Food Network star Guy Fieri talks with customers at The Taco Bus in Tampa during a February filming session for his "Diners, Drive-Ins & Dives" show.
Food Network superstar Guy Fieri is standing in the casino at the Caesar's Windsor resort in Ontario. He's there to do a live cooking demonstration for hundreds of fans, a "food-a-palooza," as he calls it.
"We were getting ready to do the gig, and a guy came up to me and screams, 'Dude, what is up? What's goin' on?' My managers are there with me, and they're looking at my reaction. I just threw my arms around him and said, 'Nothin', dude. What's happening?' And they said, 'Did you know that guy?" And I said, "I don't know anybody here.'"
This is what it's like to be the mayor of a place Fieri calls "Flavortown, USA." With his hair colored with peroxide and teased into a pointy pineapple; his herd of tattoos, rings and earrings; and his wraparound shades that for everyone else would scream "1 o'clock hangover," Fieri is the food world's biggest, brashest star of the moment. What Savannah food maven Paula Deen is for fluffy southern belles, Fieri is for, well, everyone else. The man is a walking high-five.
If you haven't noticed him, you haven't been conscious since 2006, when he broke out after winning the second season of The Next Food Network Star, a reality show that lets cooks compete for a Food Network show.
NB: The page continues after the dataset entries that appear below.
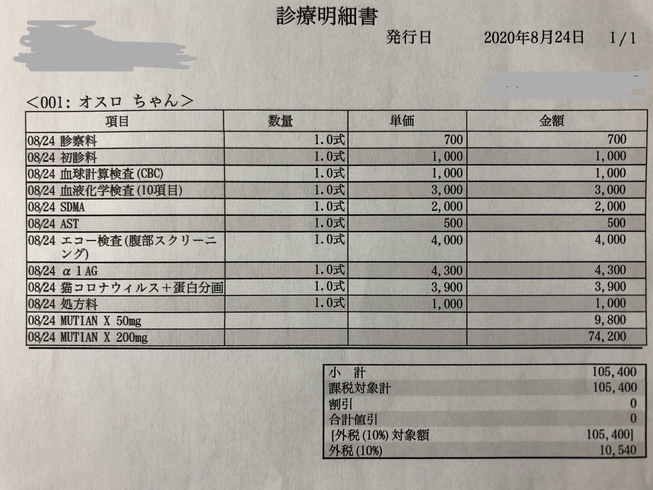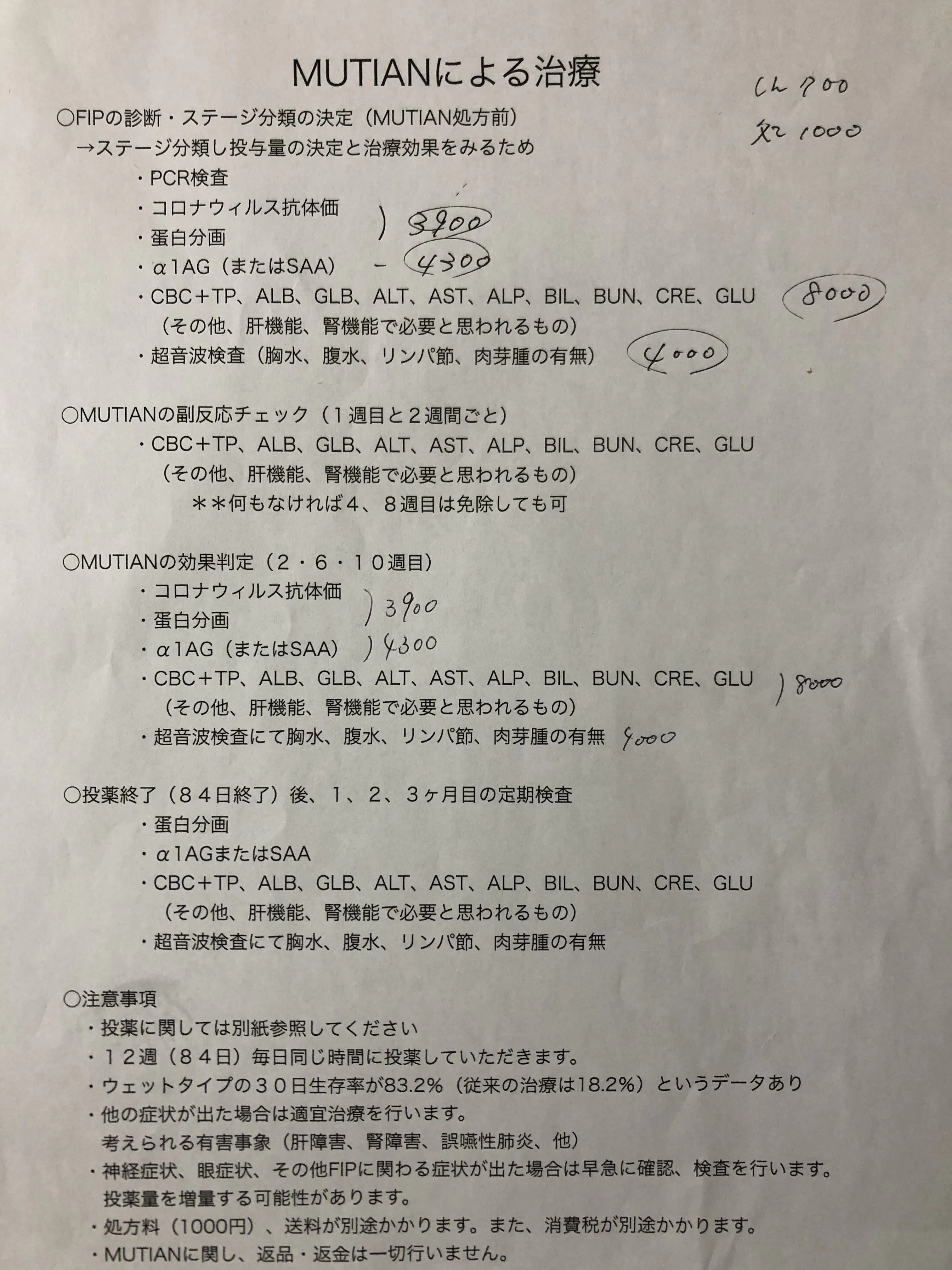 診断結果はFIP ドライタイプ 中期でした。ドライタイプは確定診断が難しい場合があり、FIP検査結果が陰性でもFIP症状があり、FIPの治療薬を飲むと効きやはりFIPだったと断定できる場合もあるそうです。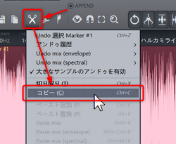 これで新しくEdisonのウィンドウが起動できるので、ここにハサミマークアイコンをクリックして表示されるメニューから[ペースト追加]を選択します。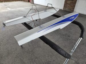 Set of floats for an Eflite Carbon Z cub. Used once only so very clean and contains the servo for steering etc. The plastic strips on the front part of the bottom of the floats are missing. Can't see this...
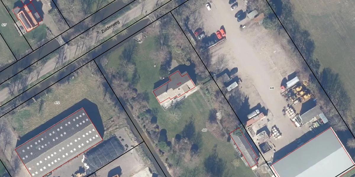 Het perceel waarop Zuiderweg 57-A staat heeft een oppervlakte van 6570 m². Dit is een zeer groot perceel. De perceeloppervlakte wordt geregistreerd door het Kadaster. Gedetailleerde informatie over de maten van dit perceel kunt u vinden in het rapport Kadastrale kaart met maatvoering van Zuiderweg 57-A.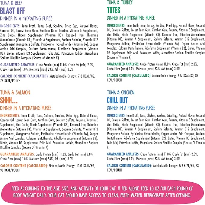 - Variety Pack includes 3 of each: Tuna & Chicken Chill Out, Tuna & Salmon Shhh, Tuna & Beef Blast Off, and Tuna & Turkey Totes.
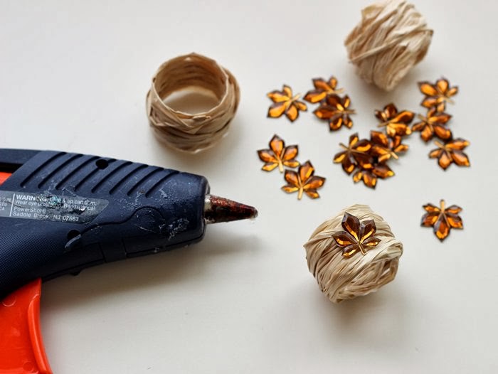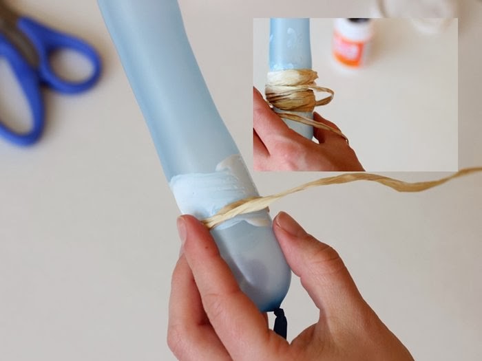 Una vez que lo tenemos inflado, ponemos un poco de cola sobre el globo y vamos enrollado la rafia de forma irregular, cuando tenga la medida que vosotras veáis conveniente, cortáis la rafia y la pegáis.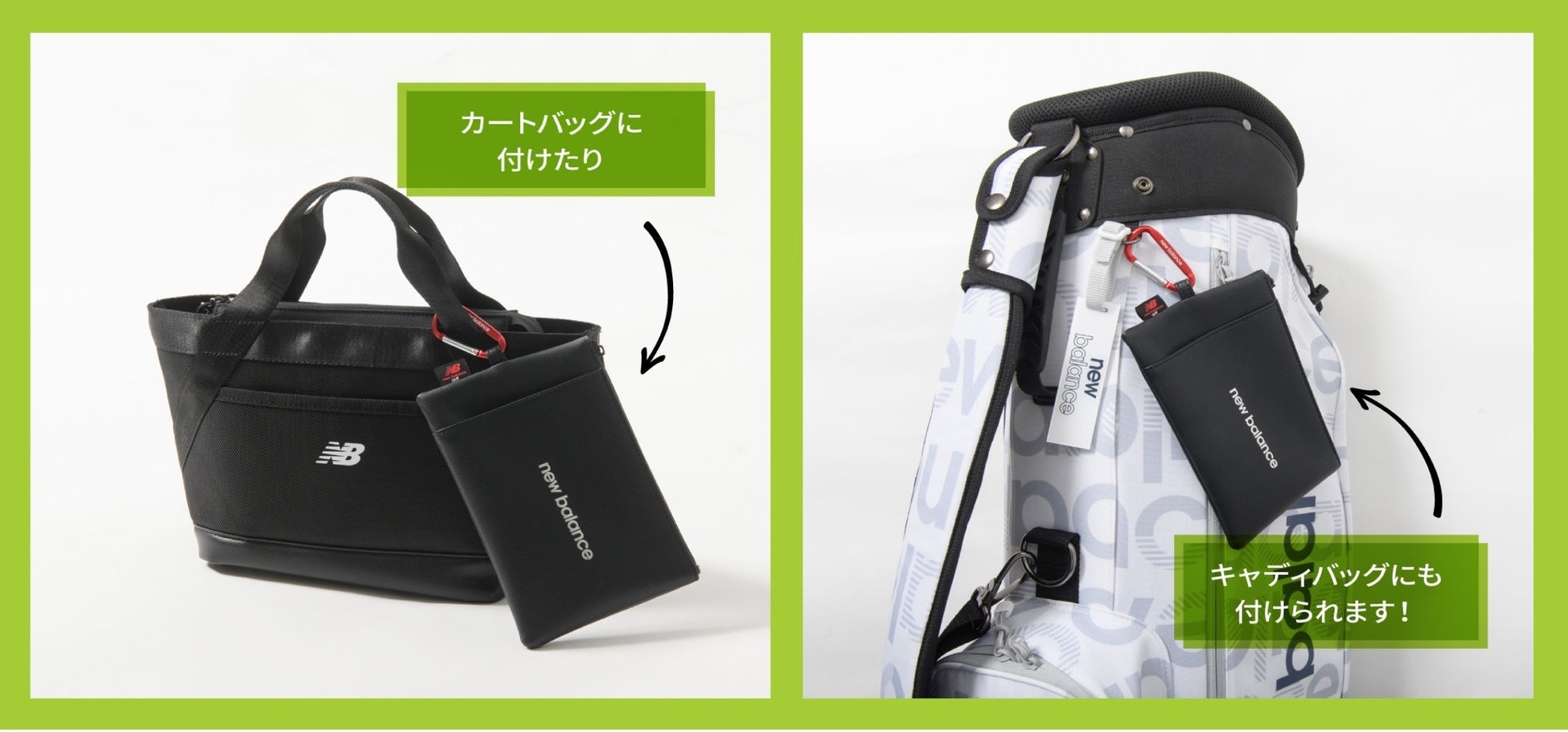 簡単に取り外しができるカラビナ付きマルチポーチはカートバッグやキャディバッグに取り付けるだけで小物を収納する便利さだけではなくオシャレなワンポイントにもなります。※数に限りがございます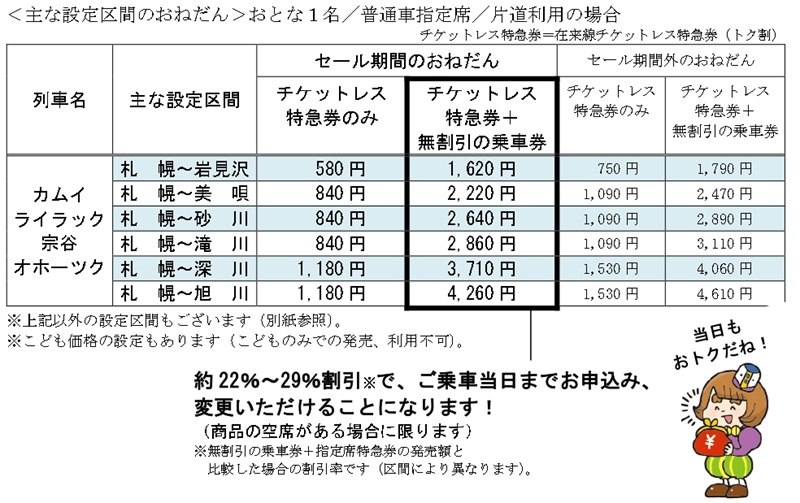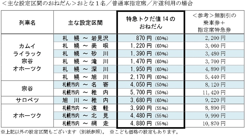 価格例: 札幌〜旭川間が2,170円(通常5,440円) 、札幌市内〜稚内間が5,700円(通常11,420円)。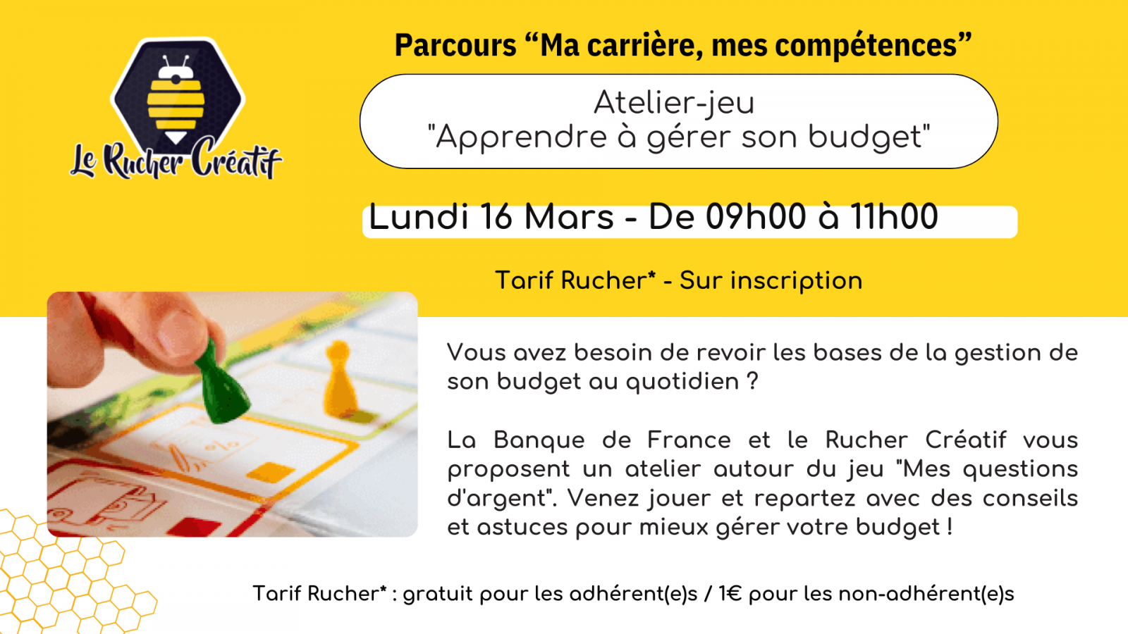 Vous avez besoin de revoir les bases de la gestion de son budget au quotidien ? La Banque de France et le Rucher Créatif vous proposent un atelier autour du jeu "Mes questions d'argent".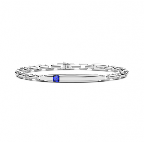 Bracciale in argento 925 design lineare con targa e pietra blue.

Since then, he's gone on to host the series "Guy's Big Bite" on the network as well as the hugely successful travel show "Diners, Drive-Ins and Dives." In commercials, he's flipped burgers with the Aflac duck, delivered Ritz crackers by tractor-trailer and given dating and dining advice for T.G.I. Friday's. He's the name behind a line of Knuckle Sandwich knives and, soon, everything from sauces to sausages.
And in the ultimate confirmation of crossover appeal, NBC turned him into a game show host last year on the show "Minute to Win It." Archie Comic Books recently created a Fieri-like character named "Dude Ferrari" for a storyline about a cooking competition.
Susie Fogelson, the head of marketing for the Food Network, explained his appeal last year to The New York Times: "I haven't seen anyone connect to this range of people since Emeril," she said, citing the chef who first put the network on the map.
In February, Fieri set off a minor storm among local food fans when he cruised through the Tampa Bay area filming segments for his 'Diners" show, exposing the world to such Tampa restaurants as Taco Bus, Love's Artifacts and California Tacos to Go.
Fieri just published a new book, "Guy Fieri Food; Cookin' It, Livin' It, Lovin' It" ($29, William Morrow) that reads like The World According to Guy. In addition to recipes from his five California-based Johnny Garlic's and Tex Wasabi restaurants, the tattoo-laden book is something of a Guysonian of all things Fieri. See young Guy as a steakhouse flambe' captain. See Guy sell roadside pretzels. There's even an exact census of everything in his kitchen drawers at home.
"The whole attitude was, you might not get another shot. Might as well put anything in it that I can," he said recently by phone before his show at Caesar's Windsor.
"Lucikly I have publishers who believe in me. We went way over on amount of pages and way over on the number of recipes. I didn't want this thing stuck on some shelf with a bunch of other cookbooks. I want this thing to survive on the coffee table roster."